The rise of Merkel and Moedas, and the entry of David and Robbins, entirely reflects the centrality of the Brexit negotiations to what happens to UK HE over the next twelve months (and beyond).

So what should universities be doing to have influence with these political panjandrums? In my presentation at the recent BrHExit conference hosted by Wonkhe, I offered two quotes. The first is from an academic involved in the grammar schools debate: “You may have the best facts, but no one will believe you unless you have the best stories”. The second is from a senior official in the Brexit Department:  “Everyone making assumptions is wrong”. For me, they sum up universities’ role post-Brexit: don’t assume any particular starting point or desired end goal; and be prepared to argue on things other than dry facts.

When it comes to engaging with the new international influencers of higher education, whether UK based or international representatives, universities should recognise that the Brexit side ran two narratives during the referendum, but that they can only possibly engage in one.

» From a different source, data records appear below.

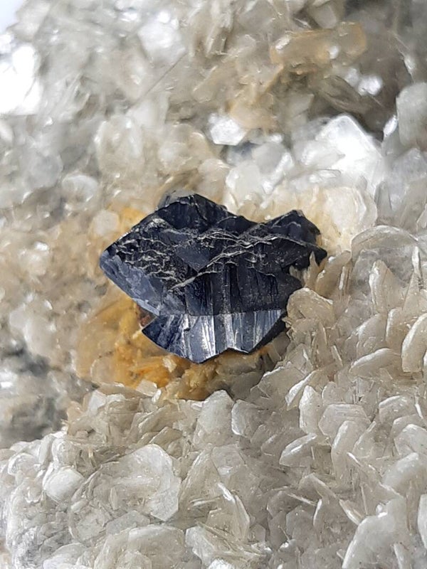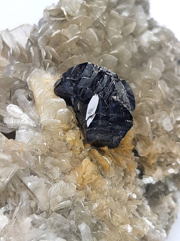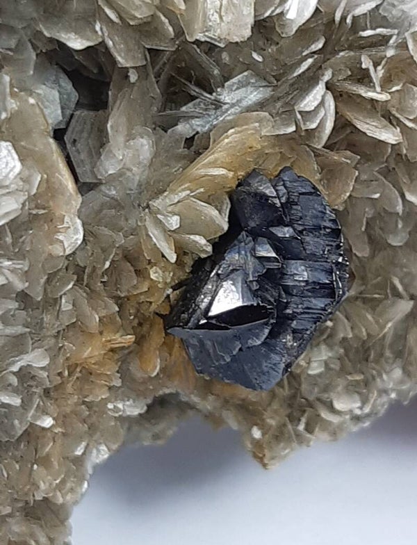 This superb specimen features one lustrous, well-developed crystal of black colored cassiterite on a silvery muscovite mica matrix. Cassiterite (tin oxide) has been the chief tin ore throughout ancient history and remains the most important source of tin today.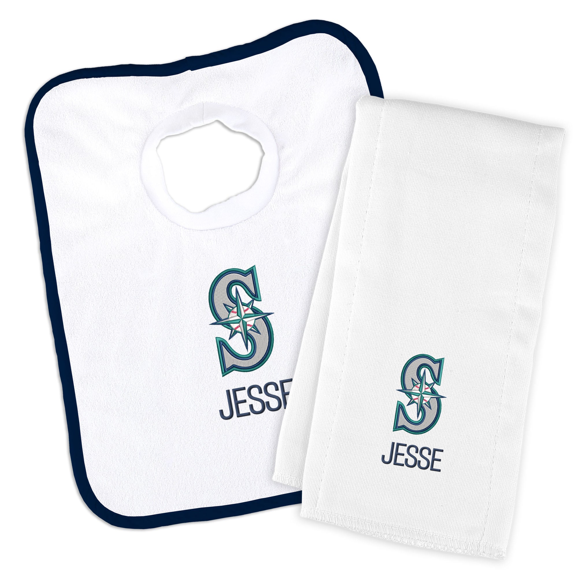 Our Personalized Seattle Mariners Bib and Burp Cloth Set is a thoughtful and useful gift for every baby Mariners fan. The Mariners burp cloth is generously sized and made of soft, absorbent 100% cotton, and the Mariners bib has a soft, stretchable cotton neck hole for baby’s comfort. Parents, the bib slips easily over your baby's head and features a soft, gently gathered stretch cotton neck hole for maximum comfort; also, the burp cloth is a must-have asset.
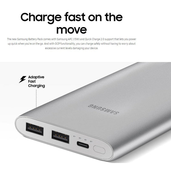The Samsung 10000mAh Fast Charging Dual Output Power Bank was built with people like you in mind. Something to keep you happy. Every. Single. Day.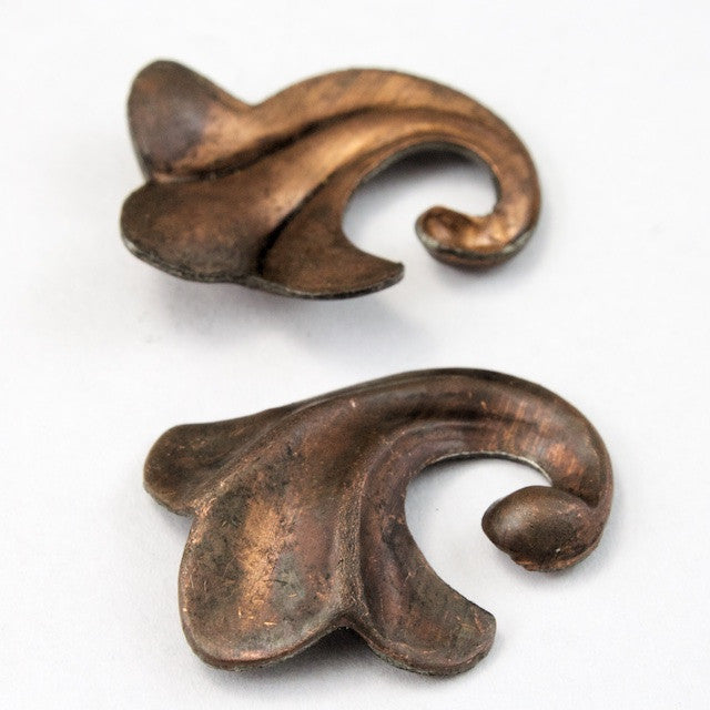 20mm x 24mm raw brass Art Deco style curved leaves in right and left.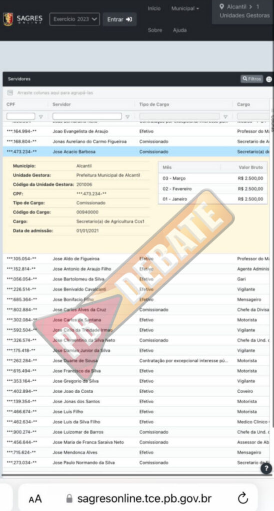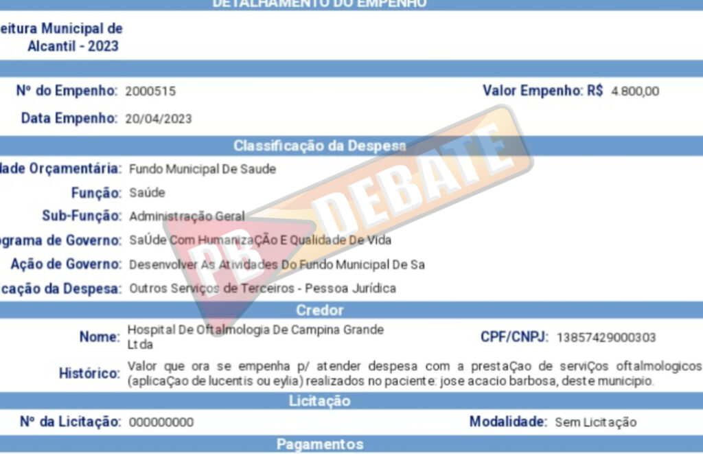 Com exclusividade o portal PB DEBATE, descobriu que a prefeitura de Alcantil deixou de fazer exames de pessoas carentes e baixa renda, para pagar o exame de vista do secretário de agricultura do município, José Acacio Barbosa, em uma clínica particular de Campina Grande, no valor de R$ 4.800,00 reais.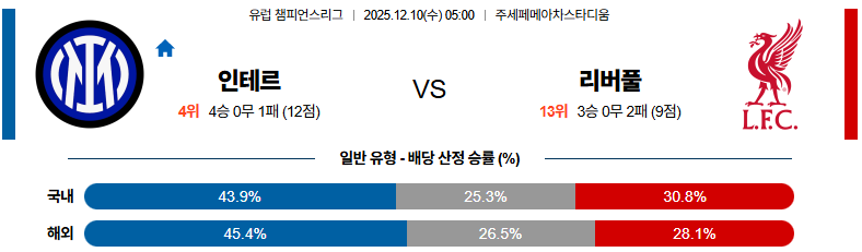 인터밀란이 리드를 잡고 경기 전체 템포를 관리하는 시나리오가 자연스럽게 그려집니다. 리버풀은 팀 구조와 분위기가 무너져 있는 상황에서 반전을 이어갈 체력이 부족할 것으로 보입니다.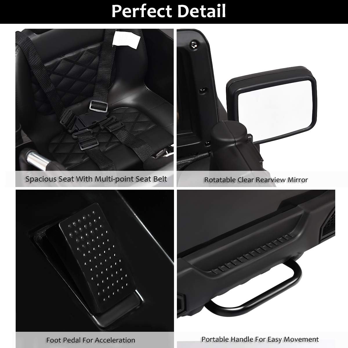 Costzon Ride On Car, 12V Battery Powered Electric Ride On Truck w/Parental Remote Control, LED Lights, Double Open Doors, Safety Belt, Music, MP3, Spring Suspension (Deluxe Black)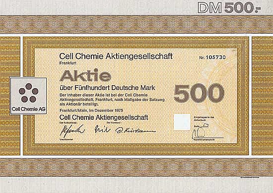 A-66245Cell Chemie AG-1Francoforte19751 azione da 500 Marchi--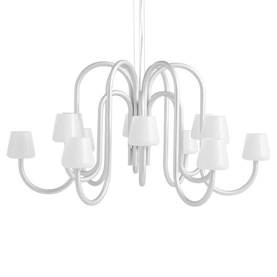 Designad av STUDIO 0405, är Apollo Chandelier en modern version av en klassisk lamparketyp som delar grundläggande strukturella egenskaper hos den traditionella ljuskronan uppdaterad i en skulpturell och funktionell design. Består av flera munblåsta opalglasskärmar ovanpå böjda rörformade armar, vilket skapar ett kontrasterande uttryck mellan de handgjorda, organiskt formade nyanserna och de industriella anodiserade aluminiumslangarna. Apollo ljuskrona är ett idealiskt mittpunkt i rummet som lämpar sig för användning på en mängd olika privata och offentliga platser. Finns i två olika storlekar, med sex eller 12 armar.
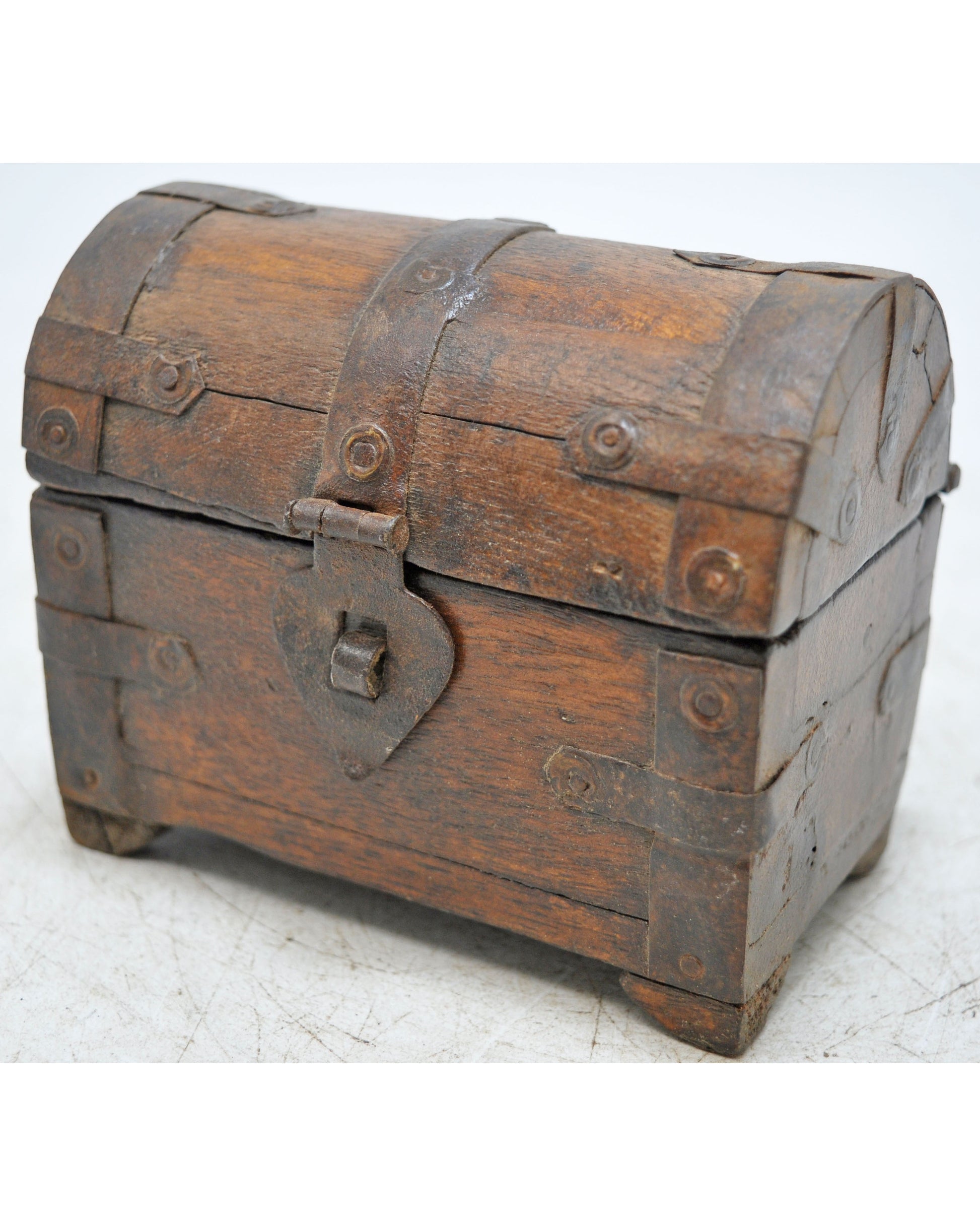 The Vintage Wooden Half Round Top Storage Box is a nice-looking old wooden storage box. It is hand crafted, with a half-round top. It features metal fittings on wood and a rich patina. It's in good condition. Origin: India.

The case for leaving the European Union was based both on offering greater sovereignty and control, specifically with regards to immigration — the defensive, or reactive case — and on a newly liberated Britain being able to stride the world as an independent nation, “Britannia Unchained”, trading and communicating with everyone, unconstrained by EU bureaucracy — the proactive case.

The two ideas are not mutually exclusive, but certainly have different emphases, and it seems obvious to me that a higher education narrative post-Brexit that says universities can play a role in addressing the first of these concerns is misguided. Universities are seen – rightly or wrongly – as the epitome of the elite.

Regardless of the community links that many hold, they are not going to be seen as credible actors engaging in the sovereignty and immigration debate.

But they can – and should – be part of the second narrative. The UK government and the EU share an interest in having an outward facing UK. Universities should be clear as to how they can make that happen.

As a cursory look back at the 2015 Power List shows, making predictions as to what will happen over the forthcoming year is a mug’s game. But the one I will commit to is that come the 2017 Power List, these major issues will still be unresolved. Brexit, and the record international influence on UK higher education, is here to stay for a while yet.